Однажды Володя Яковлев учил своего знакомого рисовать обычное вроде бы, но волшебное, видимо, яблоко.

Володя взял из буфета, подержал сперва на весу, а потом положил наливной, магазинный, слегка помятый, желтовато-зелёный с виду, но поигрывающий своим удивлённо-румяным, глянцевым, симпатичным, весёлым бочком, несомненно, бесспорно, съедобный, ощутимо, зримо предметный, довольно тяжёлый в ладони, райский плод на самую грань, на краешек своего рабочего, перепачканного разнообразными красками, заваленного донельзя разноформатными, белыми, жёлтыми, серыми, плотными и потоньше, листами бумаги, загромождённого всякой всячиной, – от пустых и полных, нераспечатанных пачек недорогих отечественных сигарет, спичечных коробков, упаковок с почти непонятными, бесчисленными, прописанными ему, от щедрот своих, советскими, то есть всезнающими врачами, какими-то снадобьями, лекарствами, предназначенными для того, чтоб его исцелять от чего-то, весьма туманного, но чего же конкретно, этого не могли врачи объяснить, до баночек симпатичных с гуашевыми, любимыми яковлевскими красками, высохшими и свежими, разнокалиберных, мягких, беличьих, колонковых, и щетинных, пожёстче, кистей, карандашей, заточенных и новых, в пёстрых коробках, пастели, соуса, угля, сангины и даже школьных учебников и тетрадок, – слегка с годами расшатанного, старого, но, пожалуй, всё же ещё надёжного, удобного и вполне его до сих пор устраивающего, привычного для него, человека неприхотливого, хорошего, да и только, годящегося для трудов, для того, чтобы дни и ночи коротать за ним, размышляя о своём и частенько беседуя с высотой у окна художника, о которой он, её друг, сочинил когда-то стихи, чудесного просто, славного, сказочного стола.
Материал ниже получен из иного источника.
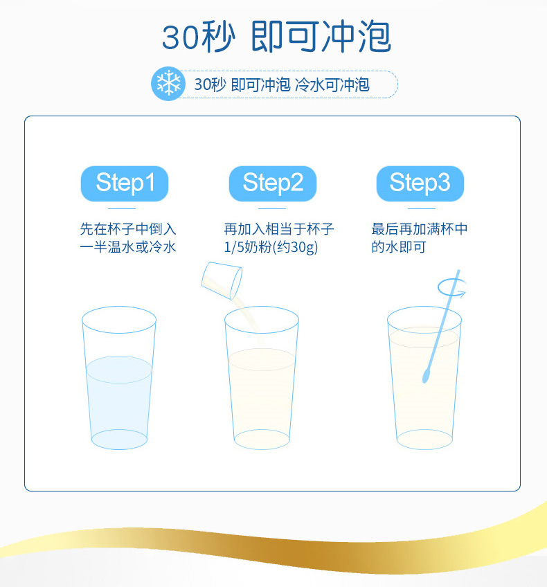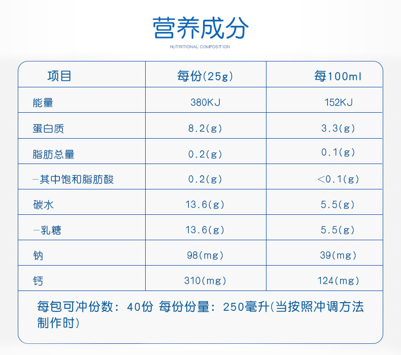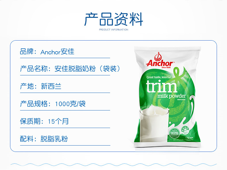 这款安佳 脱脂奶粉,每100ml仅含脂肪0.1g,约是全脂的3%,热量减少约42.68%;脱脂不脱钙,每100ml钙含量约是3.3g,均衡营养,非常适合减肥期间人群饮用。30秒速溶,不结块易冲泡 ,按250ml一杯冲泡,可冲泡40杯。除了直接饮用外,还可冲调咖啡、麦片、奶茶、制作冰激淋等。

Сам сел тихонько в сторонке и принялся наблюдать.

Поскольку я находился тогда в гостях у Володи и сидел с ним бок о бок, рядом, то за работой этого рьяного ученика пришлось наблюдать и мне.

Рослый, достаточно плотного сложения, гладкий, упитанный, какой-то очень уж сытый, довольный, вальяжный, кажущийся слишком самоуверенным, весь поперёк себя шире, с выпирающим из-под модного пиджака тугим животом, с одутловатым лицом, вскоре покрывшимся мелкими, обильными каплями пота, занимающий слишком уж много места в крохотной комнатушке, служащей одновременно и спальней, и мастерской Володе, переминающийся с ноги на ногу перед мольбертом с аккуратно, до щепетильности, прикреплённым им самолично к вертикально, плоско поставленному на него, большому, неровному куску желтоватой фанеры, листом на редкость хорошей ватманской чистой бумаги, в четырёх уголках которого поблёскивали четыре новёхонькие канцелярские, с круглыми шляпками, кнопки, яковлевский ученик пыхтел, покряхтывал, шумно и непрерывно вздыхал, вертел в руке своей остро отточенный карандаш, царапал узеньким грифелем зажатого намертво в потной, волосатой, хваткой ладони гранёного карандаша, многострадального, хрупкого, но терпеливо сносящего животный упорный натиск, по белой плотной бумаге, постепенно, всё гуще, больше, покрывающейся зигзагами неуклюже, беспомощно выведенных грубоватых линий и сеточками разъезжающихся охотно вкривь и вкось, норовящих выскользнуть из-под грифеля, кривоватых, нарочитых, шероховатых, как наждак, рябоватых штрихов, – и очень старался, чтобы у него получилось похоже.